When a script is executed with this as its first line, the shell reads the #! as meaning, “use the following shell or interpreter to execute the rest of the script.” In this instance, I have specified the Korn shell. This mechanism allows users to use commands from, for example, the Korn shell even when they are working in the C shell. One note: if you specify an interpreter such as the Korn shell in the first line of your script, then the rest of the script can only use commands which the Korn shell is capable of interpreting.

Types of Interpreters

There are several interpreters available on most every UNIX system. Virtually all systems will have the C shell (/bin/csh), Bourne shell (usually /bin/sh), and Korn shell (bin/ksh). Another interpreter which has become popular is known as Perl (usr/local/bin/perl or /usr/bin/perl). Each of these interpreters has its own strengths and weaknesses: you will have to decide each time which one best fits the task at hand. In this handout we will deal almost exclusively with the C shell.

Basic Script Creation

Before we look at the types of constructs available in the C shell, let’s look at the basic method for creating a script. First, start up your favorite editor (you don’t need to be an emacs wizard to write scripts, pico is more than adequate for our purposes). Remember to specify the interpreter on the first line. After that, simply type in, one to a line, each command in the order in which you want them to execute. When you are finished, exit the editor, saving your script to a file. The last step you need to perform before running your program is turning the execute permissions on for the file, using the chmod command. Then type the name of the file at the prompt and hit the <return> key.

C Shell Constructs

The C shell provides an extensive command language similar to the C programming language. The C shell language contains constructs for input and output, conditional operations, file management, and variable definitions, among others. If you are already familiar with a low-level programming language, then shell programming will probably be seem relatively simple. If you are not, you will nonetheless find it easy to simplify a wide range of different tasks. The most basic constructs used in shell scripts are ones with which you are already familiar. Why? Because virtually any command you can type in directly from the prompt may also be included in a shell script. This means that you can write scripts which move files, remove them, create directories, or even change file modes. In addition to these, we will examine a number of commands which will make your scripts even more powerful.

Basic Output

The basic command for printing output to the screen is the echo command. Its syntax is quite simple. Echo will simply print out whatever string follows it to the standard output (usually your monitor). By default, echo will end its output with a newline character. You can prevent the appending of the newline by adding a -n flag between echo and its argument.

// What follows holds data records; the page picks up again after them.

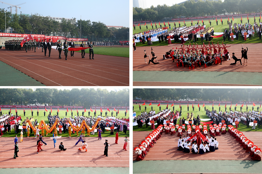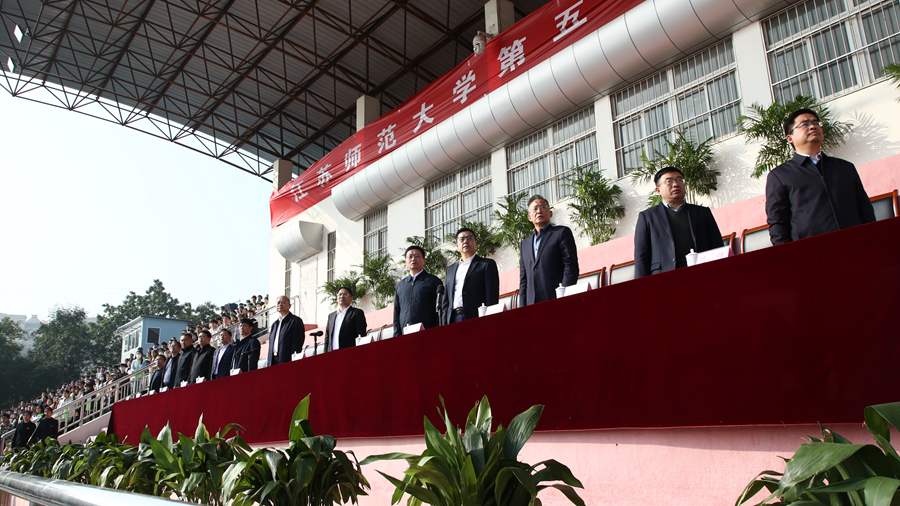 10月31日上午,運(yùn)動(dòng)會(huì)舉行了開(kāi)幕式,全體在校校領(lǐng)導(dǎo)以及校體育委員會(huì)全體委員出席開(kāi)幕式。開(kāi)幕式上,各代表隊(duì)依次入場(chǎng),進(jìn)行了精彩紛呈又富有各學(xué)院專(zhuān)業(yè)特色的體育文化展示,充分展現(xiàn)了江蘇師范大學(xué)青年學(xué)子的青春風(fēng)采。展演結(jié)束后,舉行了莊嚴(yán)的升國(guó)旗儀式,運(yùn)動(dòng)員和裁判員代表分別宣誓,將以真誠(chéng)的競(jìng)賽態(tài)度,公平的體育精神,良好的競(jìng)技與工作狀態(tài),認(rèn)真比賽,公正裁判,確保圓滿(mǎn)完成各項(xiàng)賽事。
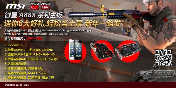 2013年12月15--2014年1月15日,购买任意微星A88X系列主板加上AMDA106800KCPU或者A86600KCPU套包,凭主板&CPU产品序列号,登陆活动网站(a88x.cn.msi.com)即可参加抽奖,100%中奖。
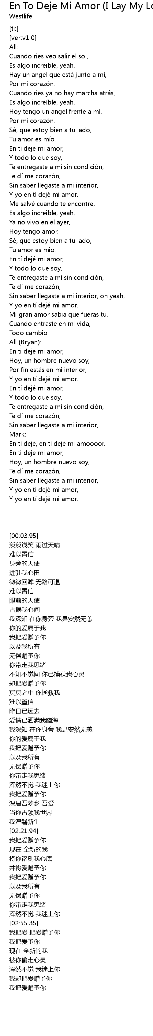 | [03:19.82] | Y yo en ti deje mi amor. |
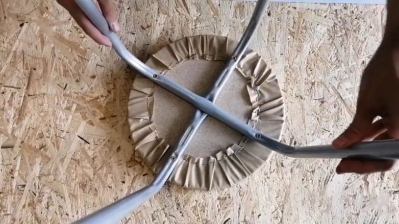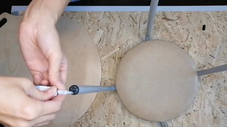 А каркасом столика станет… табурет! Снимите ножки табурета, открутив болты.
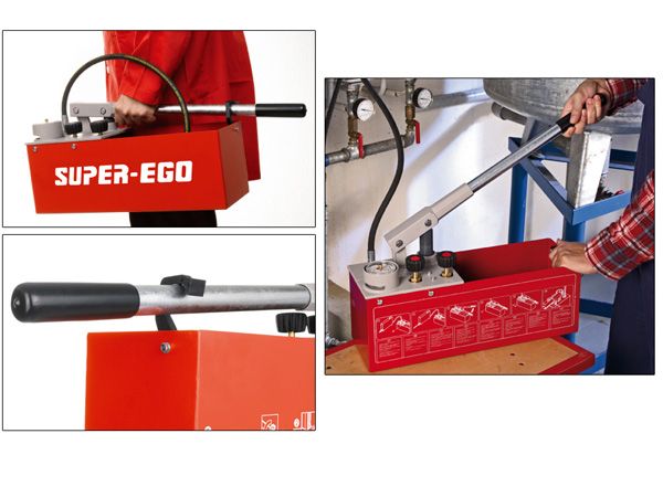 Ручной опрессовочный насос Super Ego RP50-S предназначен для испытания давлением 0–60 бар (проверки герметичности) трубопроводов и резервуаров в системах отопления и водоснабжения жилых и промышленных помещений. Соответствует самым высоким требованиям, предъявляемым к процессу испытания. Может применяться с водой или маслом.
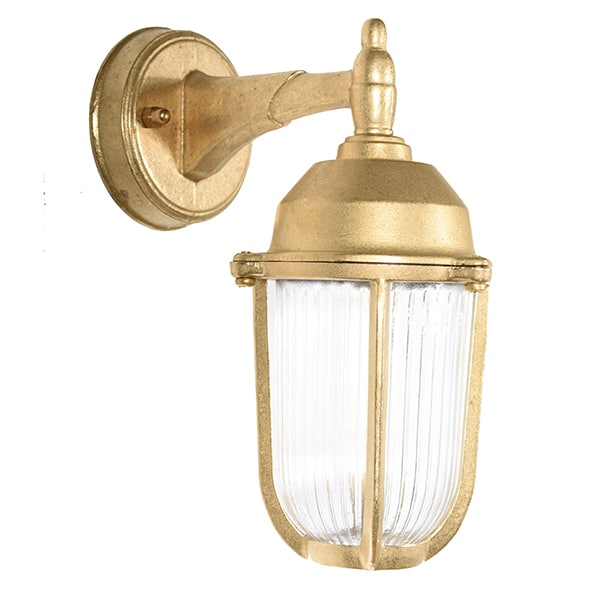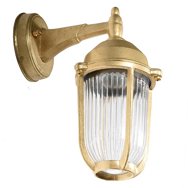 Robust væglampe i støbt messing. Glasset er klart og giver en flot glød i skumringen. Væglampen i messing passer godt i kystmiljøer, hvor saltholdigheden er højere i luften. Denne væglampe passer til mange stilarter, designet går i den marine retning. En lampe, som du har i mange år fremover, da den er lavet af et så godt og holdbart materiale, og messing bliver kun pænere med årene! IP 64, CE-mærket, E27-fatning.
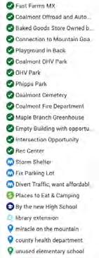 Building on the engagement strategies outlined above, the following section highlights key themes and insights that emerged from community-led design sessions with adults in each community. The team collaborated with members of the Grundy County community-supported by the South Cumberland Community Fund staff and local advocates—to lead engagement efforts in key focus areas. Community members were trained to serve as facilitators for design charrettes, a collaborative process that uses group dialogue and mapping to visualize desired outcomes. Workshops were hosted in each of the focus areas: Tracy City, Coalmont, Gruetli-Laager, Palmer, and Monteagle. Through these sessions, participants shared their perceptions of existing conditions and their aspirations for the future of their neighborhoods.
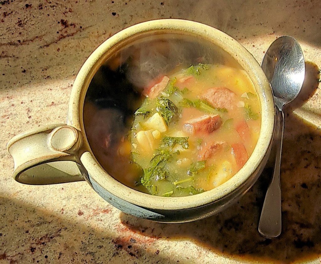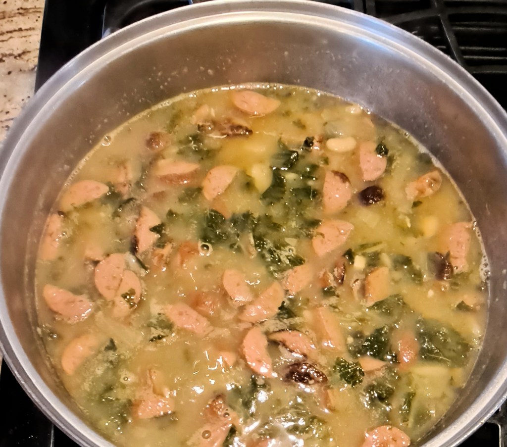 Simple ingredients: smoked sausage, onions, garlic, kale, potatoes, white beans, broth and spices. That’s pretty much it. Got company coming? Add more broth, potatoes and another can of beans.
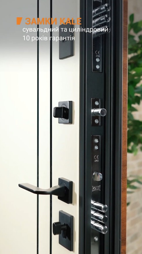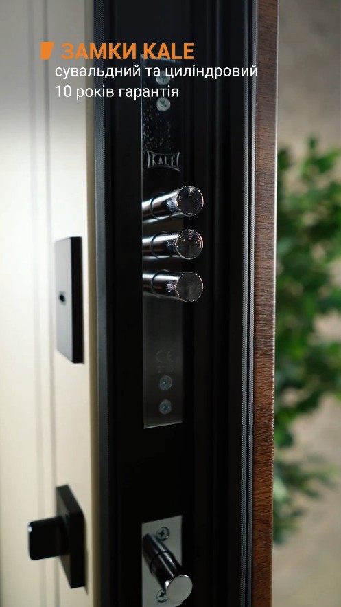 Надежная защита: дверь оснащена двумя турецкими замками KALE (сувальдным и цилиндровым) с защитными металлическими карманами.

For example, the script

#!/bin/csh
echo  &quot;Hello  World!&quot;
echo  &quot;How  are  you  today?&quot;

will produce the output

Hello World!

How are you today?

But the script

#!/bin/csh
echo  -n  &quot;Good  morning,  &quot;
echo  &quot;Beatrice.&quot;

produces

Good morning, Beatrice.

As we shall see later, this is quite useful in cases where we want to prompt the user for input.

Variables

In the preceding examples, we followed the echo command with a quoted string. The string was printed exactly as it appeared between the quotes. This is not always the case. If we precede a word with a $, then the shell will interpret the word as the name of a variable, a flag which is assigned a value, but whose value need not remain constant. For example, we could declare a variable name to stand for the value “Frank.” Later in our script, everywhere we would normally type “Frank,” we could instead insert $name. The shell would perform variable expansion, arriving at the value “Frank.” One of the principle advantages of using variables is the ease of alteration they lend your code. To change the program to use “Mary” instead of “Frank,” we need only change the one line where we originally defined the variable.

Types of Variables

For our purposes, there are three main types of variable definitions. The most basic and most common is a string variable, one whose value is simply some string of characters. An example would be name in the code above. Sometimes it is necessary to have a single variable which can contain multiple separate values. Suppose you wanted to store a list of users; it would be confusing and inefficient to have a list of variables such as user1, user2, and so forth. Each time you added a user you would have to add a new variable. In cases such as this you may wish to use an array or wordlist variable. A variable of this type may contain several values; each one is accessed by using the variable name plus a bracketed index, e.g. $users[1]. There is yet a third type of variable which is important for us, the integer variable. These contain integer data. This allows for a variety of operations to be performed involving such variables which may not be performed with string variables, although string variables may contain numeric data.

Initializing Variables

The basic command for declaring a C shell variable is the set command. For example:

set name = “Henri”

will initialize the string variable name to contain the value “Henri.” The method for initializing a wordlist variable is slightly different. The set command is used, but the list of values is enclosed in parentheses, as in

set users = (George Frank Mary Heloise Hartsell)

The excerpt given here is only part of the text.